We were very happy in the second line. That time of snow was really beautiful and clement. I told you yesterday about the sunset the other day. And, before that, our arrival in the marvellous woods. . . .
January 22.
. . . I have sent you a few verses; I don't know what they are worth, but they reconciled me to life. And then our last billet was really wonderful in its beauty. Water running over pebbles . . . vast, limpid waters at the end of the park. Sleeping ponds, dreaming walks, which none of this brutality has succeeded in defiling. To-day, sun on the snow. The beauty of the snow was deeply moving, though certainly we had some bad days, days on which there was nothing for us but the wretched mud.

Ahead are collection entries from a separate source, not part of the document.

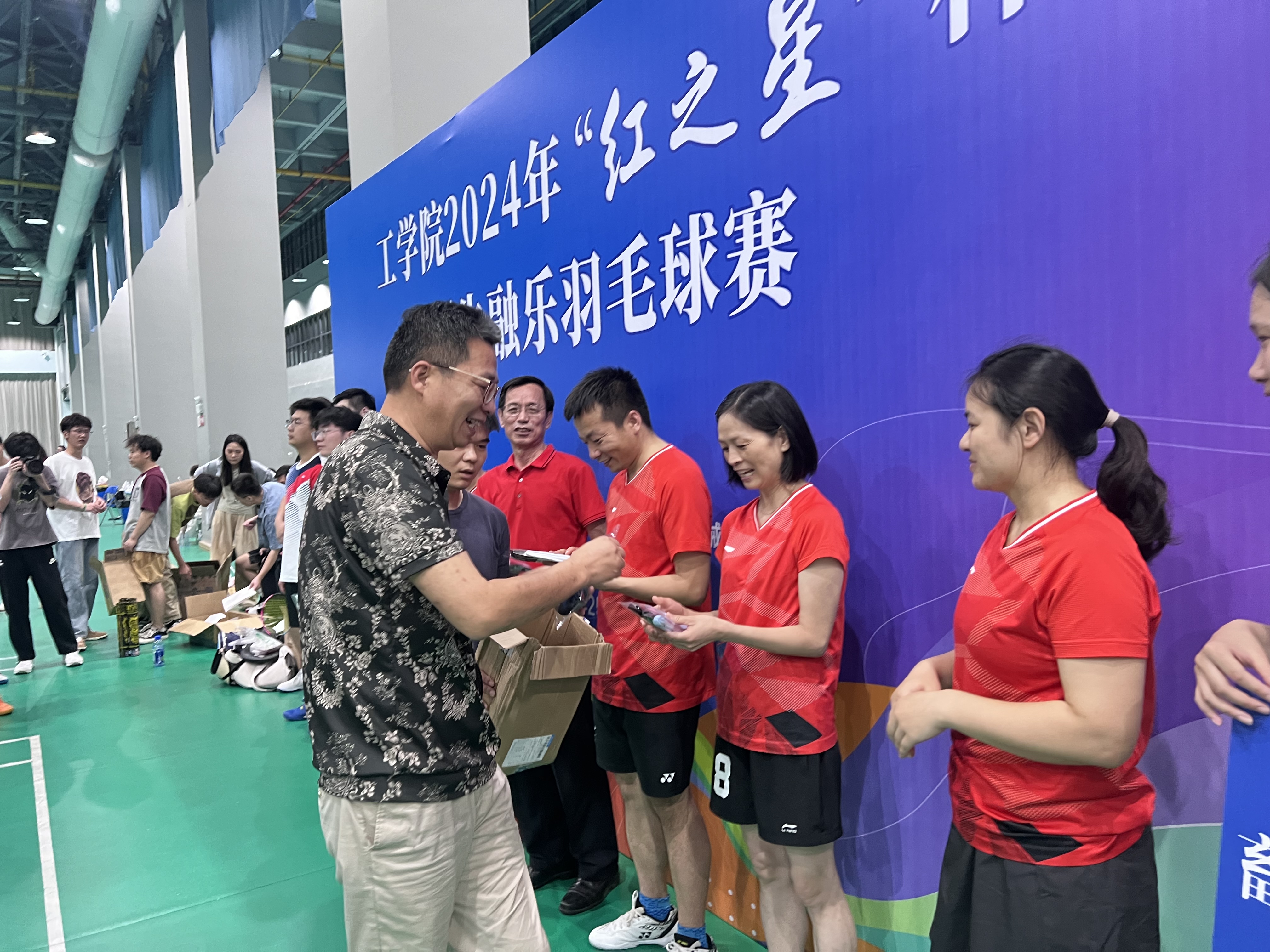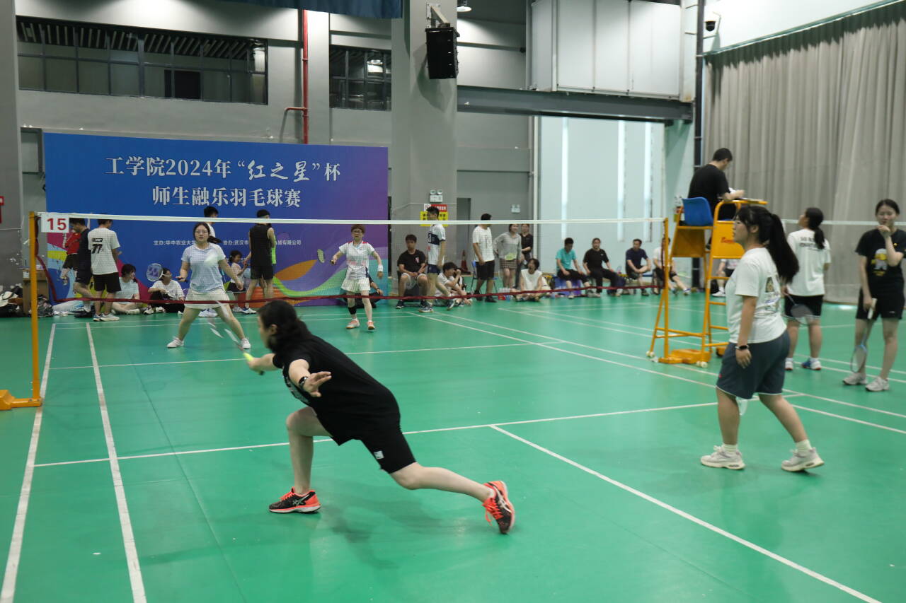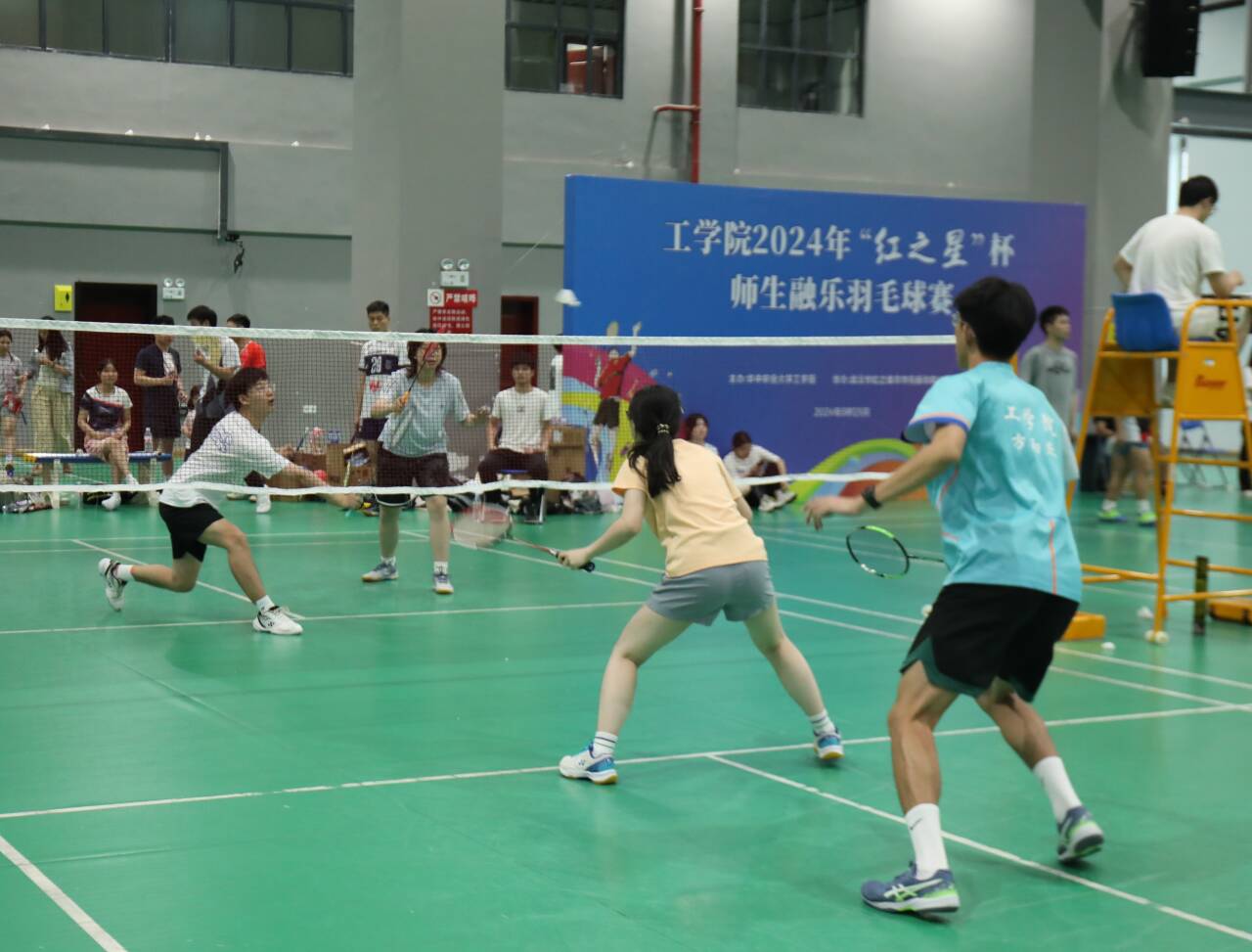5月25日下午,金沙集团wwW3354CC2024年“红之星”杯师生融乐羽毛球赛在东体育馆隆重举行。本次比赛以学院的八个科研团队为参赛单位,以混双1、男双、混双2、女双、男单等五个项目进行团队比赛,混双1、男双、女双三个项目要求师生组队比赛。来自八个团队的近200名师生齐聚一堂,在球场上享受运动乐趣,增进师生交流。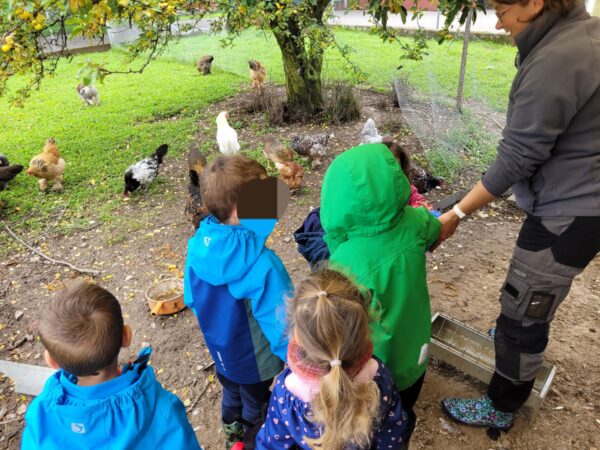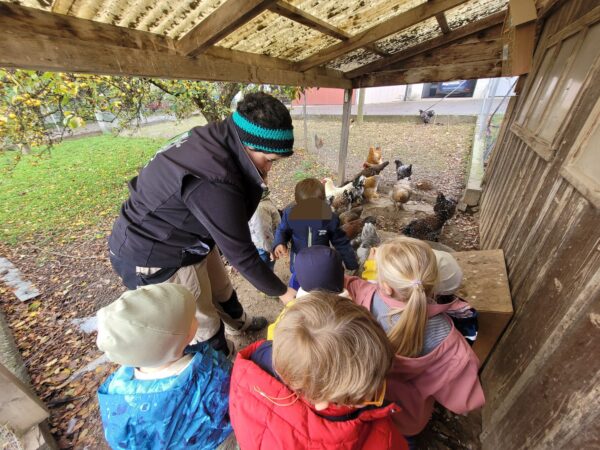 Puis nous profitions des dernières minutes pour donner les épluchures des pommes soit aux lapins ou aux poules et jouer un moment.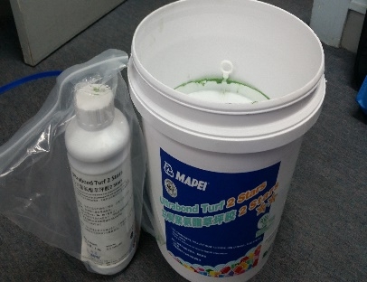 1. ضع شريط الوصل أسفل الحافة، ثم ضع الغراء على الشريط (الجانب لأعلى) وظهر موضع الوصل للعشب الصناعي. يجب وضع الغراء بالتساوي وبشكل متوسط. انتظر حتى يجف الغراء بنسبة 80% -90% ويصبح غير لاصق، ثم اضغط على حافة لفافة العشب بقوة حتى يلتصق.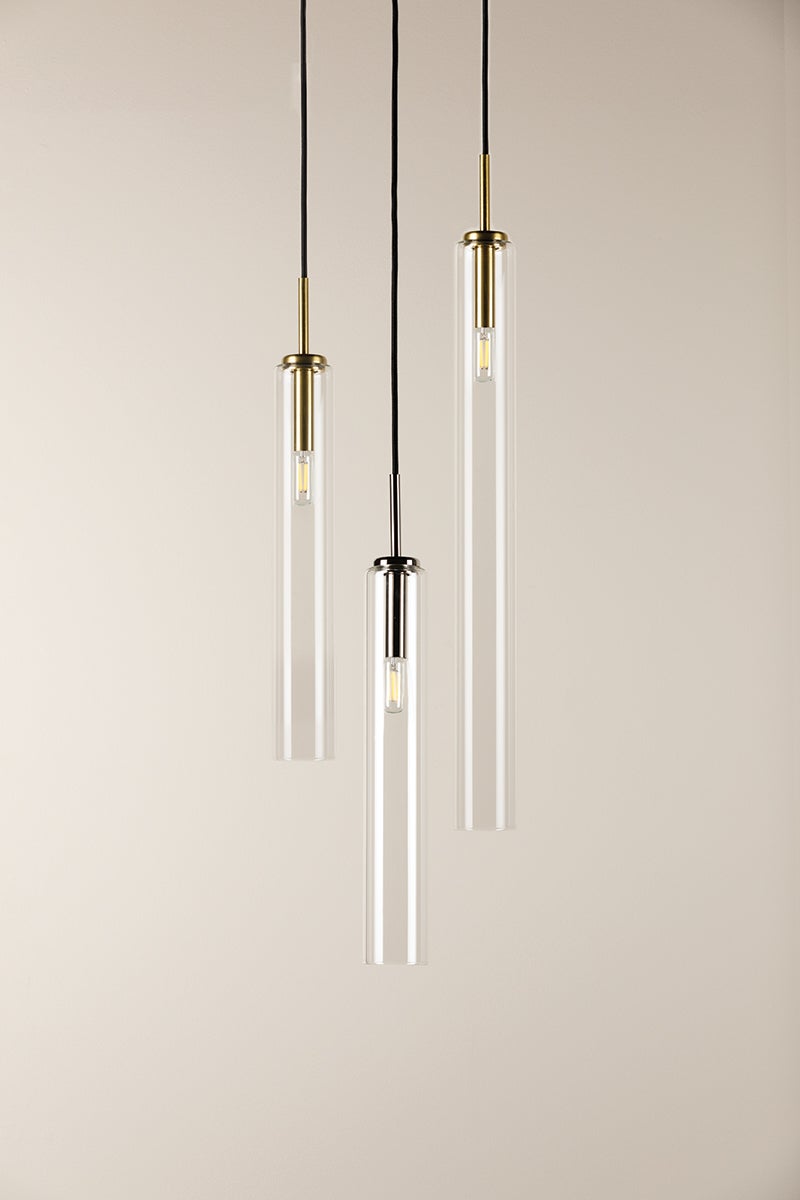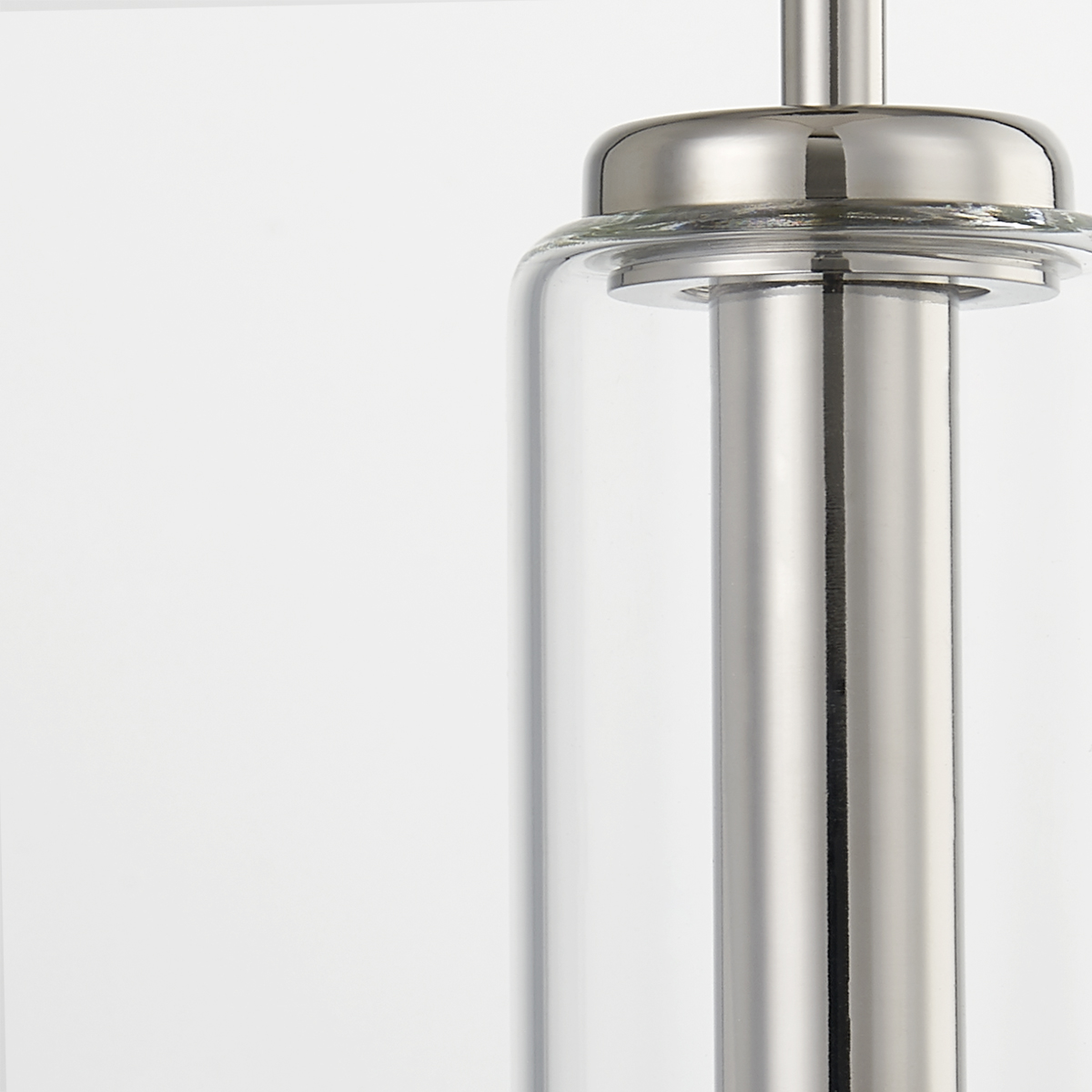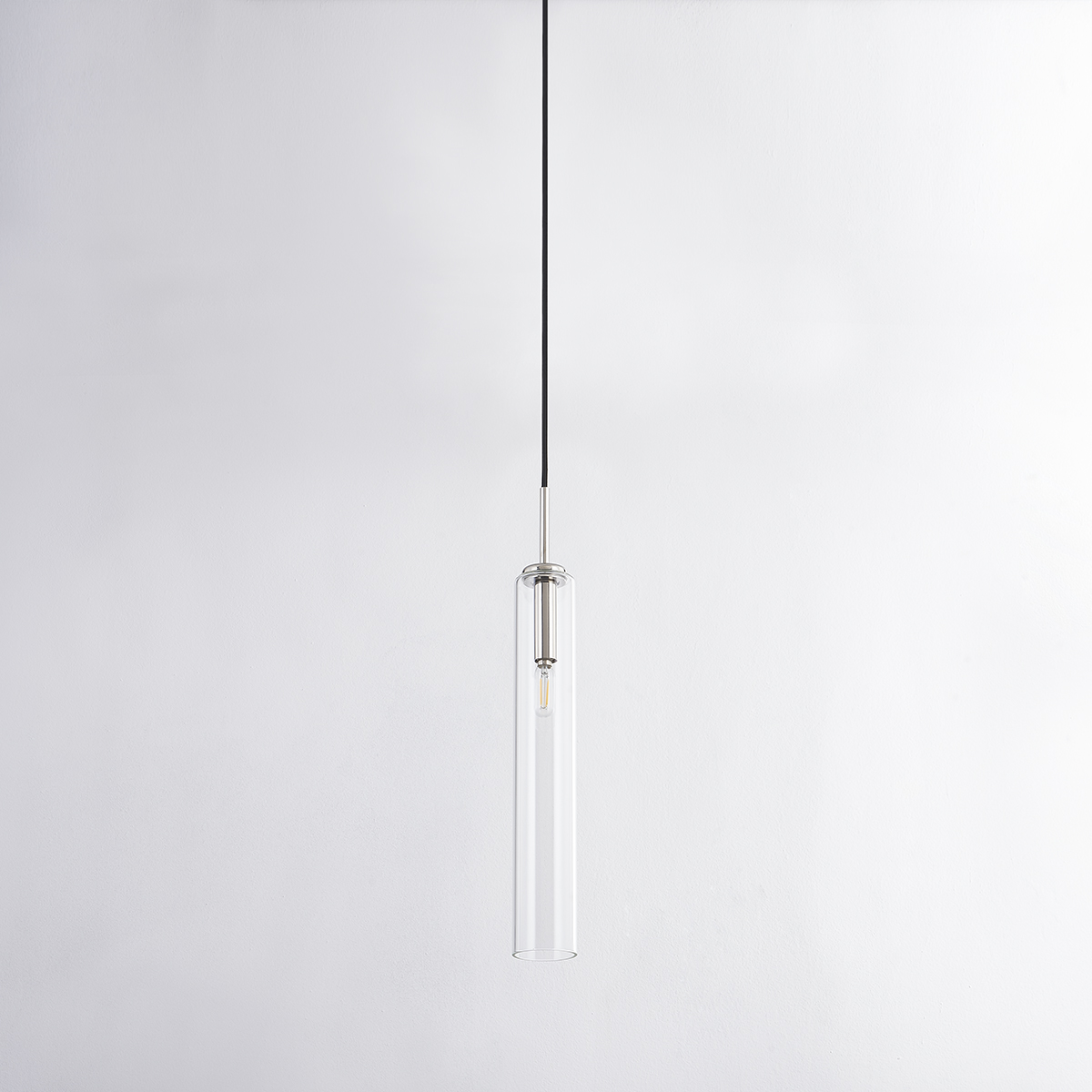 Streamlined in style, the Nyah Pendant delivers elevated proportions with an oversized glass shade. The aged bass socket is the perfect metallic accent, shining subtly in the tubular shade. Also available in a smaller size.

It seems that we won't be coming back to this pretty billet. Evidently they are making ready for something; the regularity of our winter existence has come to an end.
2 o'clock.
Splendid weather, herald of the spring, and we can make the most of it, because in this place we are allowed to put our noses out of doors.
I write badly to-day. I can only send you my love. This war is long, and I can't even speak of patience.
My only happiness is that during these five and a half months I have so often been able to tell you that everything was not ugliness. . . .
January 23.
. . . As for me, I have no desires left. When my trials are really hard to bear, I rest content with my own unhappiness, without facing other things.